If there’s one proverb I try to live my life by, it’s this: Never turn down candy. Ever. And, with the odd exception of those scary men in dirty trench coats, it seems to have held true.
Free candy is almost always a good thing. Regardless of what flavor, what age, what texture, or what brand, never turn it down. Old caramels, even if they’re stale and crunchy, are handy suck on. Taffy, even though it makes my mouth ache, builds up those jaw muscles that are oh so essential in everyday life. Minty York’s, despite the awful taste, make my breath smell a whole lot better. Even those sugar-free, low-fat, no-fun candies serve a purpose. What it is, I just can’t say, but somebody knows. And if you turn down anyone’s candy, they may never offer it to you again. Simply because they only have cruddy candy one day doesn’t mean that next week they won’t turn over a new candy bar.

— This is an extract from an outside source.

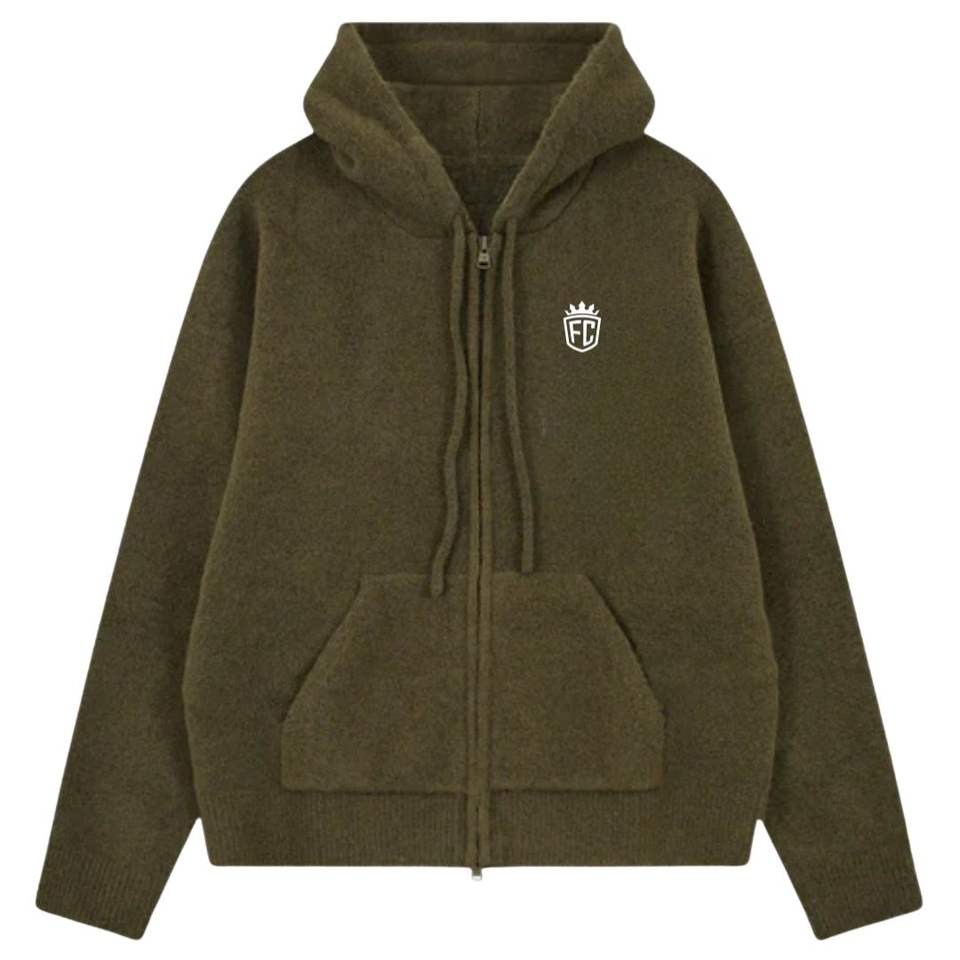 เสื้อฮู้ดไหมพรมสีกากีแบบซิปพร้อมโลโก้รูปมงกุฎ เสื้อฮู้ดนุ่มสบายเหมาะสำหรับใส่ลำลอง เหมาะสำหรับผู้ชายและผู้หญิง

Oftentimes, I have considered the sentimental value of some sugary treats. When I’m digging in my room, I sometimes discover ancient Peeps from Easters long past. And as I chew on those old, crusty, and sometimes down right nasty little birds, I remember my childhood with a smile. If a dear friend has saved a piece of chocolate for you for months, believe me, it should be none the worse for the wear.
On the other side of the candy spectrum is my dear grandmother. Simply put, if it tastes good, she doesn’t eat it-which doesn’t mean she doesn’t want it. It just means she won’t eat it. Every time I try to put myself in her shoes, I find myself shuddering. What a dark, lonesome world it must be without candy. There are so many flavors, so many colors, and so many tastes she will never indulge in. If that isn’t a travesty, I don’t know what is. Life without Reese’s, Cadbury’s, Hershey’s, Starbursts, Mambas, and Jelly Belly’s is hardly a life at all.
Some of the sweet things in life only come once. There are experiences we will not get a second time. Words, feelings, laughs, tears, and smiles can’t be redone or rewound. People move and friends grow up and places change. If I turn them down now, I may only have memories of what I’ve missed. And when I have to leave something behind, the things I haven’t done will haunt me more than any memory of what I have done. Because I don’t want memories of mistakes, I never turn down candy. So much of the world is already sad. Why don’t we just take a bite and make things a little sweeter?
So, although God may smite me with diabetes, I will never turn down candy. Every time that I hesitate, I remember that some things only happen once. If I don’t grab at them now, I may never get another chance. That fate is a thousand times worse than chewing on a stale piece of caramel.